Write out again the lines from the line with "People brought flowers" up to and including the line with "Classic Cotton Surgical", exactly as they stand below, and skip any picture.

Start of Block

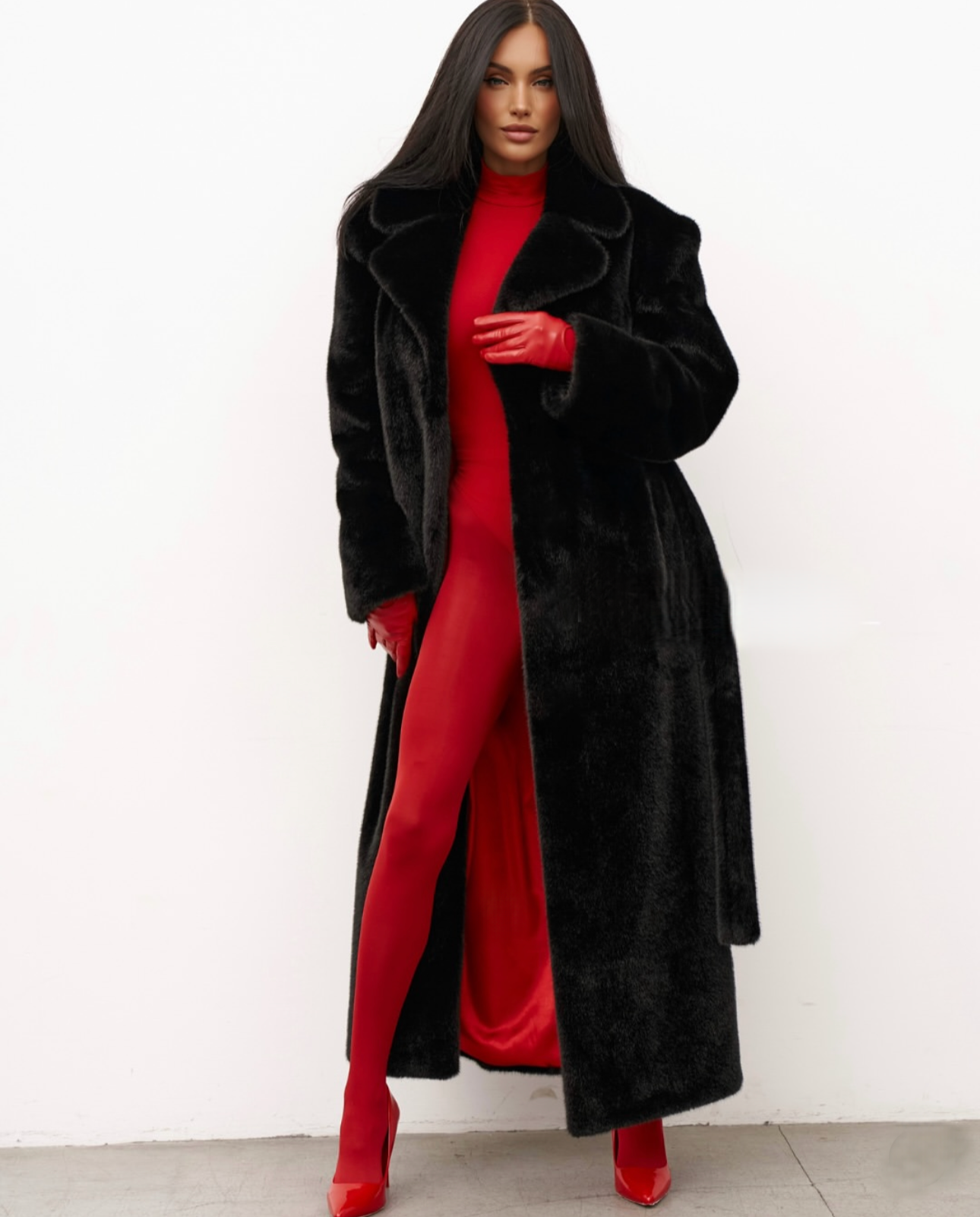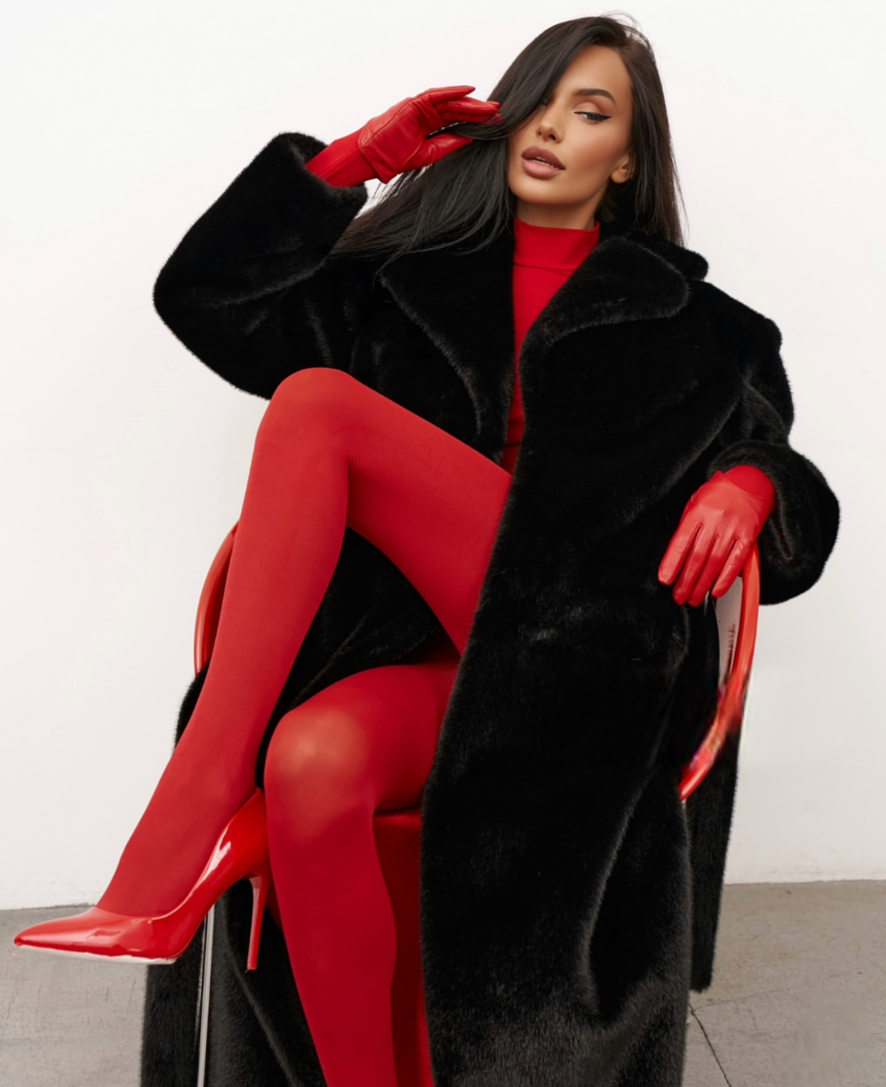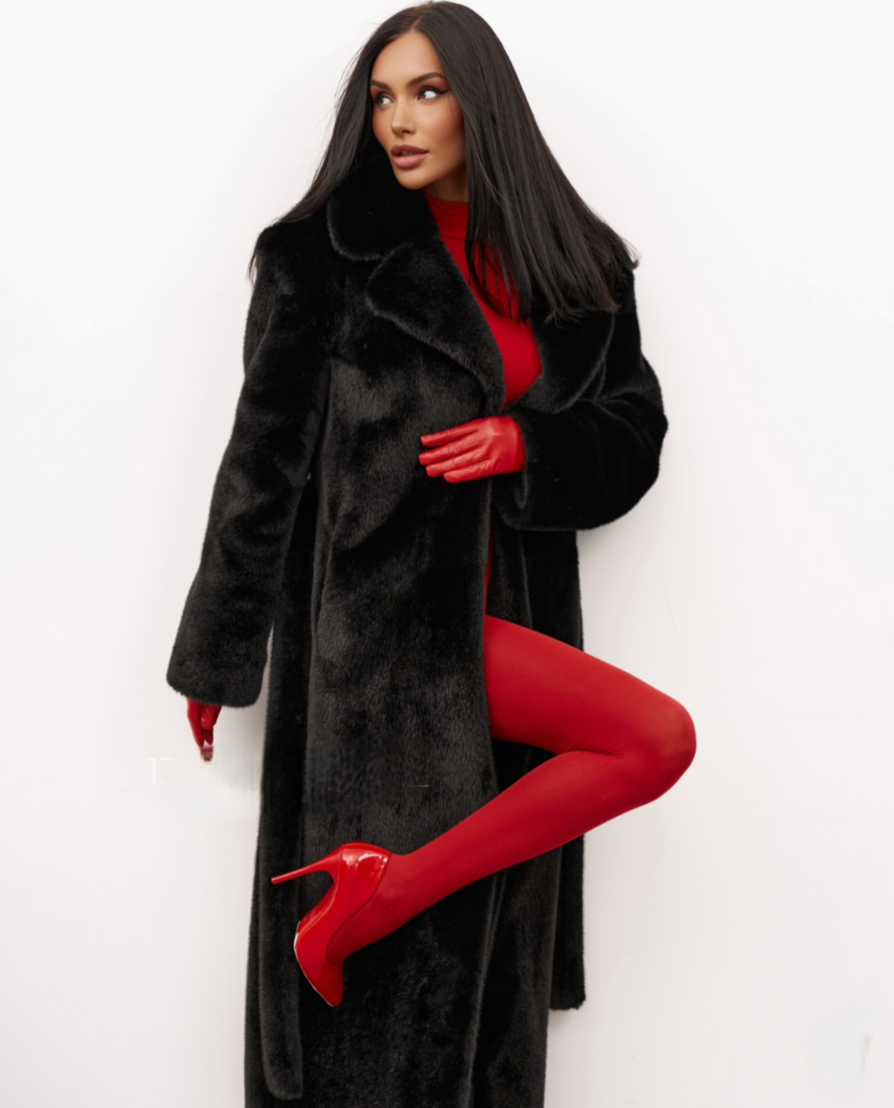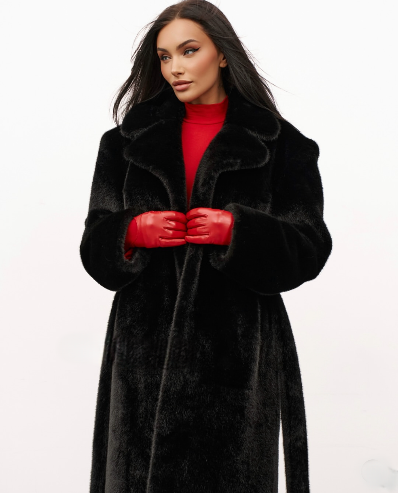 La pelliccia Alesia in visone ecologico è realizzata con materiali di alta qualità e presenta una fodera interna in raso rosso con cinta coordinata. Morbida, calda e resistente all'acqua, questa pelliccia offre comfort e stile per i mesi più freddi. Regala una sensazione di lusso senza danneggiare gli animali.
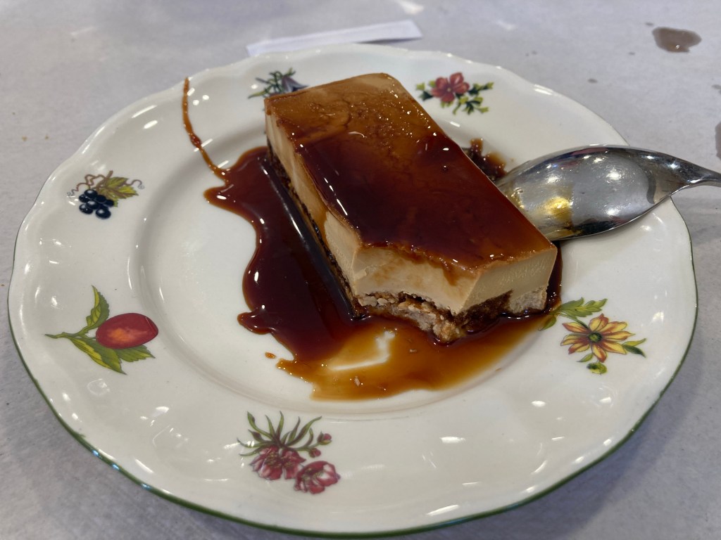 Gerade richtig zur Mittagszeit, um viertel nach eins, komme wir dort an. Jede Menge Arbeiter verbringen dort ihre Mittagspause. Keine Spur von Pilgern. Touristen selbstverständlich auch nicht. Das Menu del Día bietet keinerlei Fisch an. Es gibt Tomate mit Spargelsalat, Hühnchen mit Patatas und den besten hausgemachten Flan seit Sevilla. Und weil wir nicht alles auf einmal verputzen können, bekommen wir noch ein auslaufsicheres Doggy-Bag mit auf den Weg.
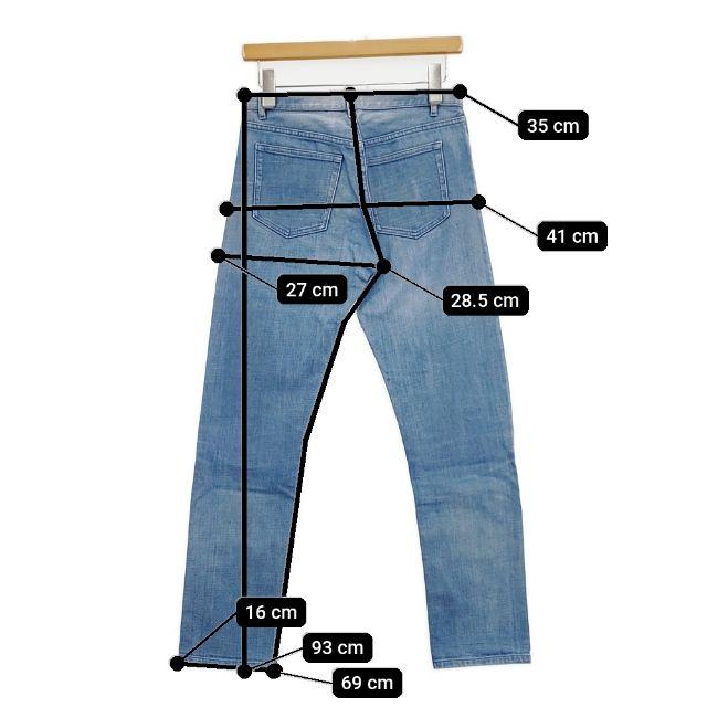 | 実寸サイズ | 総丈:約93cm ウエスト:約35cm 股上:約28.5cm 股下:約69cm ヒップ:約41cm ワタリ幅:約27cm 裾幅:約16cm ※採寸画像がある商品はハンガーに吊るした状態での計測のため、平置きでの採寸とは差が生じる場合がございます。平置きでの実寸サイズをご希望の場合は、ご購入前に必ずご質問ください。 ※記載以外のサイズが合わないことを理由とした返品はできませんので、 記載部分以外で実寸サイズの気になる箇所があれば必ず購入前にご質問ください。 |
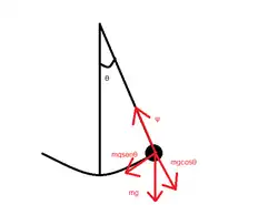 Considere um objeto preso a uma haste inextensível oscilando sob ação da força gravitacional. A este sistema denominamos Pêndulo Simples. De maneira geral, atuam sob o objeto a força de tração da haste, que o mantém oscilando em um arco de círculo a uma distância fixa do ponto fixo que prende a haste ao teto; e também a força gravitacional . Decompomos a força gravitacional de forma que conhecemos a componente na direção da força de tração, que nos fornece , e também a componente responsável pelo movimento
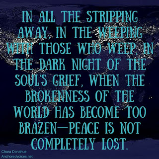 In all the stripping away, in the weeping with those who weep, in the dark night of the soul’s grief—when the brokenness of the world has become too brazen—peace is not completely lost.
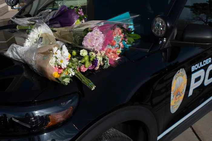 People brought flowers to the Boulder Police Department in honour of officer Eric Talley, who was killed while trying to protect others. Picture: Rachel Woolf for The Washington Post
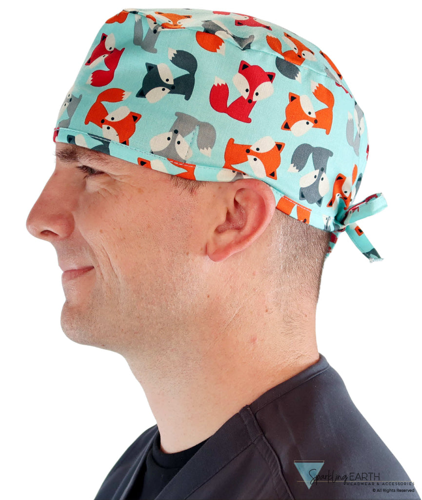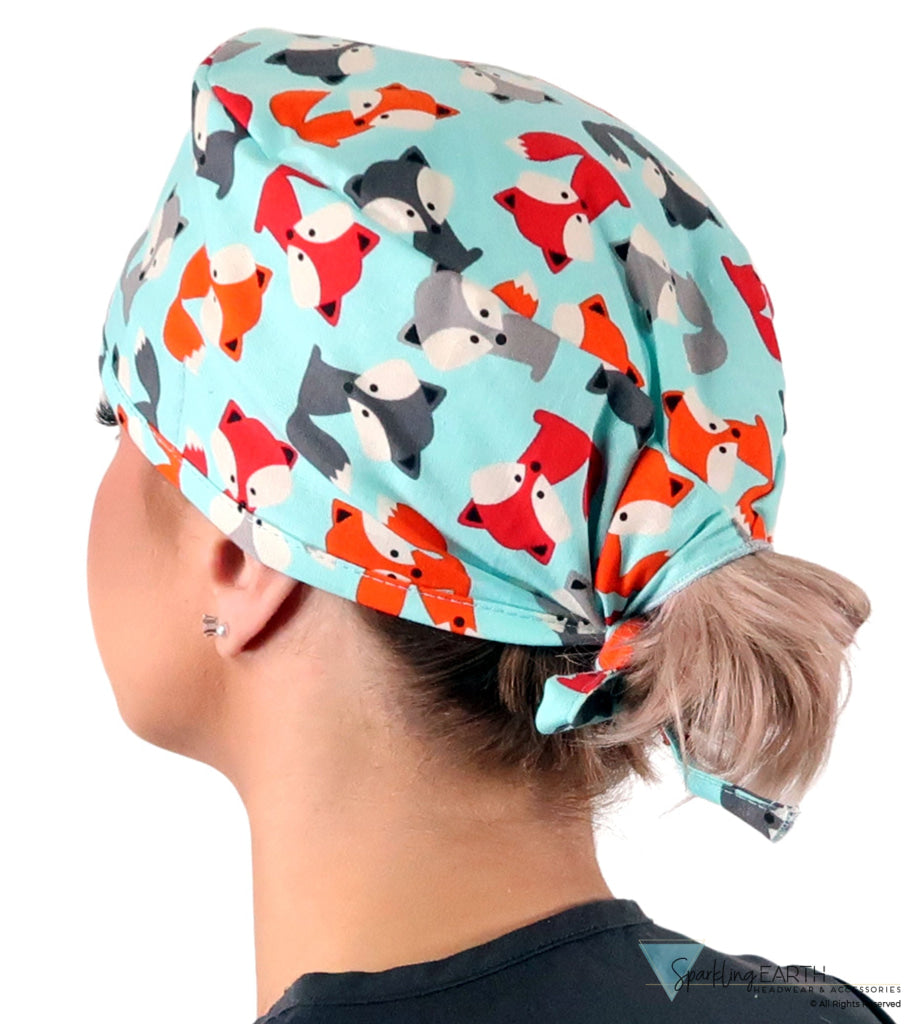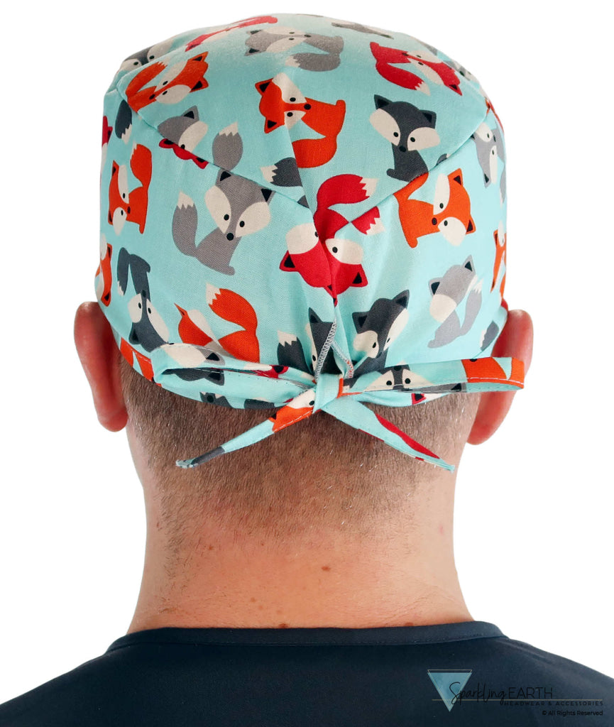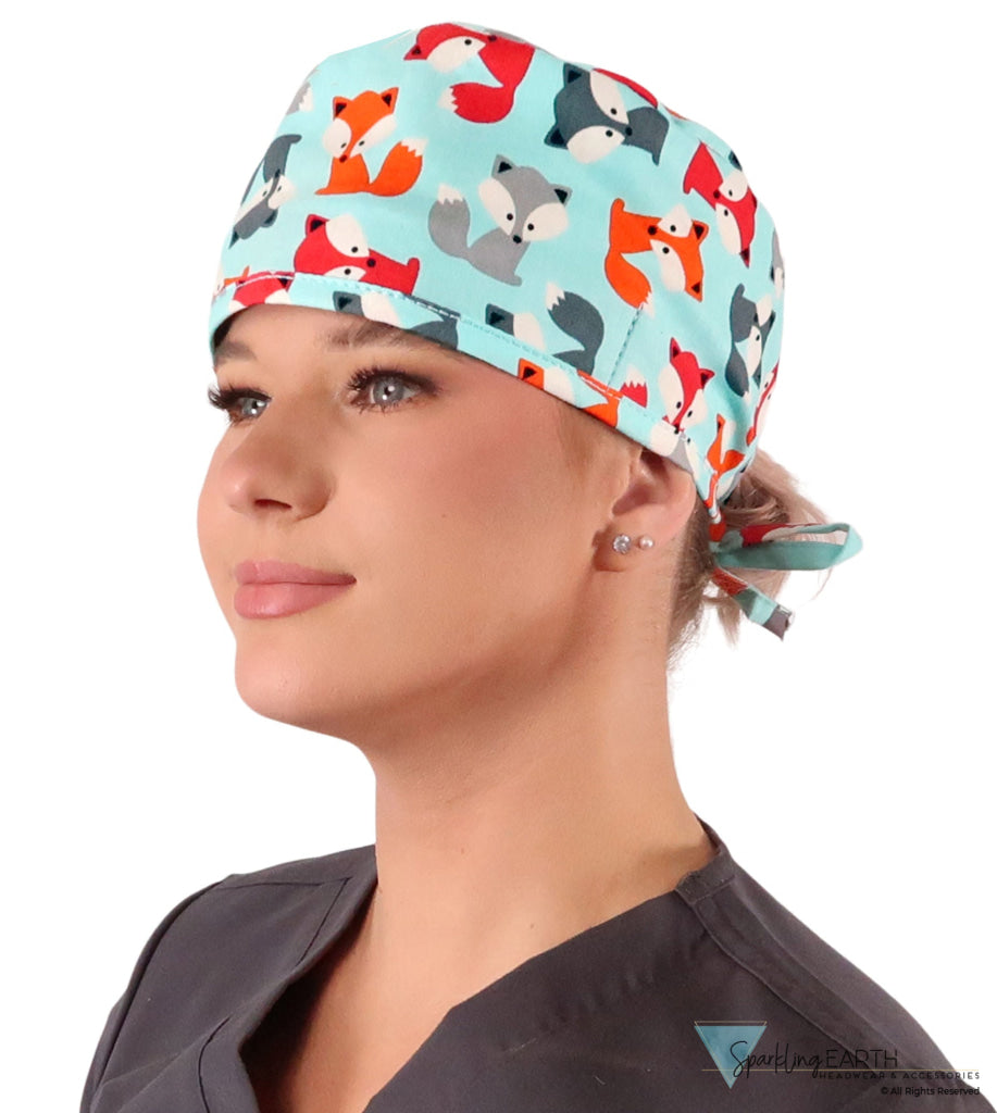 Classic Cotton Surgical Scrub Cap - American-Made with Sweatband - Friendly Foxes
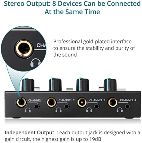 Headphone Amplifier, YGiTK 4 Channels Mono/Stereo Steel Stereo Headphone Amps-4x Quarter Inch and 8X Quarter Inch TRS Headphones Output and 1/4″ & 1/8″& AV Audio Enter(Together with Audio Cable)
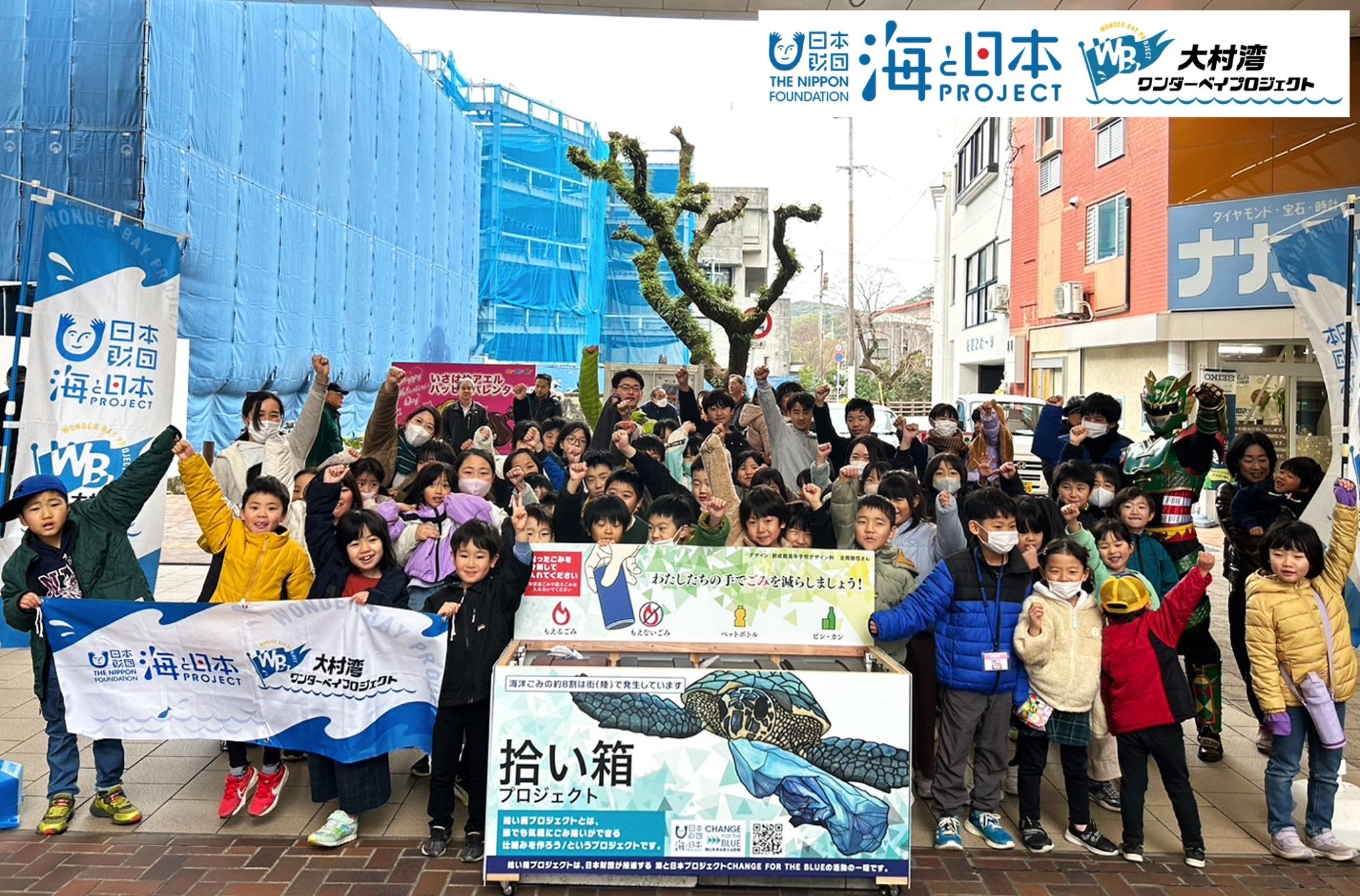 拾い箱を活用した清掃活動後は、諫早市中心市街地商店街協同組合連合会が主催の「節分豆まき」イベントにも参加し、節分というイベントを楽しんでいました。

End of Block

_Solution to the exercise_
 People brought flowers to the Boulder Police Department in honour of officer Eric Talley, who was killed while trying to protect others. Picture: Rachel Woolf for The Washington Post
 Classic Cotton Surgical Scrub Cap - American-Made with Sweatband - Friendly Foxes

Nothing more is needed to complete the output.